Contingency response wing returns from Pakistan relief mission

By on Tuesday, December 7th, 2010

JOINT BASE MCGUIRE-DIX-LAKEHURST, N.J.: Airmen from the 621st Contingency Response Wing have completed operations in Pakistan in support of flood relief distribution efforts after torrential rains and flooding affected more than 20 million people and left one-fifth of the agricultural country under water.

The last seven members of the 37 member team returned home Nov. 24 after nearly 90 days at Chaklala Air Force Base, Pakistan. The team in Pakistan was relieved by a team of specialists from various Air Mobility Command bases. This new group will continue to assist the Pakistani government and international aid agencies with aid distribution support.

The 621st CRW Airmen arrived Aug. 28 at the request of the Pakistani government and the U.S. State Department to assist Pakistan’s National Disaster Management Authority, the equivalent to the United States Federal Emergency Management Agency, said Lt. Col. Shawn Underwood, the 621st Contingency Response Element commander.

Heavy monsoons deluged northern Pakistan in July, with more than 26 inches of rain, precipitating one of the worst floods in Pakistan’s history. At its height, the flood waters submerged the better part of an area equivalent to a length of the eastern seaboard of the United States, stretching from Maine to Georgia. Unlike an ocean tsunami, this wave moved slowly, finally cresting in southern Pakistan in late September. The flood left nearly 2,000 people dead.

“The Airmen of the 621st (CRW) assisted with the pallet buildup and distribution of more than 20 million pounds of international relief supplies,” Colonel Underwood said. “In addition to building pallets of food and shelters for distribution to flood victims, we also processed the arrival of helicopters and support equipment for the U.S. Army’s 16th Combat Aviation Brigade and the 15th and 26th Marine Expeditionary Units.”

After being offloaded from larger C-17 Globemaster IIIs, these helicopters were then moved further downrange to deliver critical supplies and evacuate flood-displaced Pakistanis.

As the flood waters moved south and areas in the north became accessible, the focus of relief and rescue efforts shifted constantly.

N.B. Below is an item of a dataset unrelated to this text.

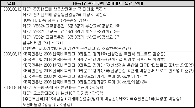 7월 5주차 바둑TV 동영상 서비스 업데이트 일정을 안내해 드립니다.

One key destination for aid relief was a central reception point in the northern Kashmir region on the airfield at Skardu. After specialists assessed the airfield, the CRE deployed a 3-man team forward to support operations. Together with the Pakistani military, they were able to offload three C-17s and three C-130s aircraft each day, resulting in the delivery of more than two million pounds of aid in ten days.

Each morning, and most afternoons, Colonel Underwood would meet with leaders of the Pakistani air force at Chaklala AFB to discuss the day’s goals and obstacles. The meetings often covered more than the day’s flying schedule.

“I would present the issues or goals of the day to Group Capt. Atique over a cup of hot tea, and he would make a quick phone call to brief a subordinate, then turn to me and say, ‘While we wait for that to be solved, let’s talk about cricket,’” Colonel Underwood said. “The game of cricket became a sort of metaphor for the deployment. It’s a total team exercise, but it has much different rules and time scales. We were trying to learn and accomplish disaster response the Pakistani way — by their rules.”

The team left with more than knowledge of foreign sport, said Maj. Christopher Lacek, the 621st CRE director of operations.

“The best part of the trip was being told ‘thank you’ by people you did not know, seeing people’s faces light up when they saw you were from the United States, watching families board an American aircraft en route to a more stable area of Pakistan,” Major Lacek said. “It was worth it all to realize their opinion of America may have changed.”